§ WHAT YOU ARE ASKED TO DO: Nothing but the lines below from the one holding "Ширина корпуса электроприбора." up to and including the one holding "4. Dodaj wewnętrzny" should be copied, exactly and without pictures.

§ PROVIDED RECORDS:
________________________

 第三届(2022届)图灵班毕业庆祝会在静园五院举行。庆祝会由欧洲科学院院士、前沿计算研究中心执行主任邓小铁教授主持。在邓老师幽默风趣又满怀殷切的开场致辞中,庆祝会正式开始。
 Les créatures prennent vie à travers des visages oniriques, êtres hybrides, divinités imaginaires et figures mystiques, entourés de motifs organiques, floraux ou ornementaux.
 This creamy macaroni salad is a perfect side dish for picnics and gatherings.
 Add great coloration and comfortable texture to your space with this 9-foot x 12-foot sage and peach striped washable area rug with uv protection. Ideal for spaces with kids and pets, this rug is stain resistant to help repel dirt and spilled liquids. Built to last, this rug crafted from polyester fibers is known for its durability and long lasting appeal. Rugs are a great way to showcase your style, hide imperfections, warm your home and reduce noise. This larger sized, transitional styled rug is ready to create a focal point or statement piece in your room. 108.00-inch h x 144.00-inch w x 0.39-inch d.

________________________

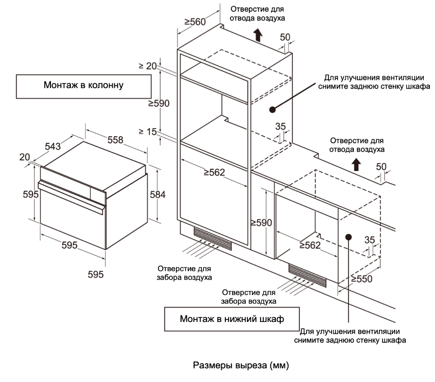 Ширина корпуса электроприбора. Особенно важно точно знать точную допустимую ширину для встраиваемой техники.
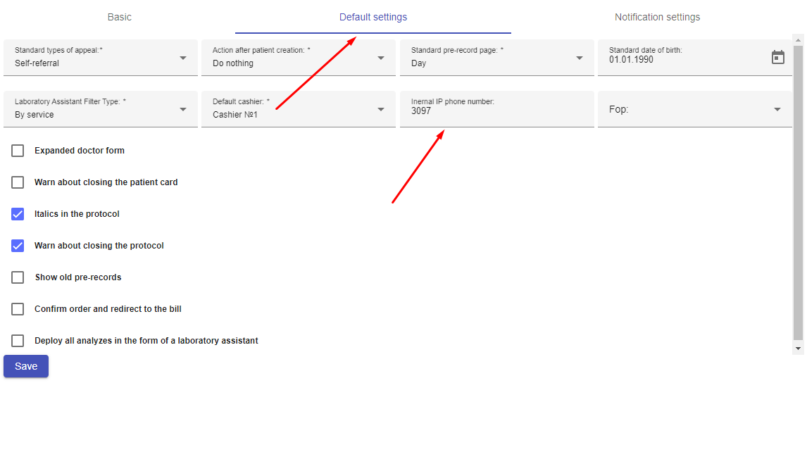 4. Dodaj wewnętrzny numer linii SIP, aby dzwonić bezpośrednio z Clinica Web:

________________________

§ ANSWER BOX:
 Ширина корпуса электроприбора. Особенно важно точно знать точную допустимую ширину для встраиваемой техники.
 4. Dodaj wewnętrzny numer linii SIP, aby dzwonić bezpośrednio z Clinica Web:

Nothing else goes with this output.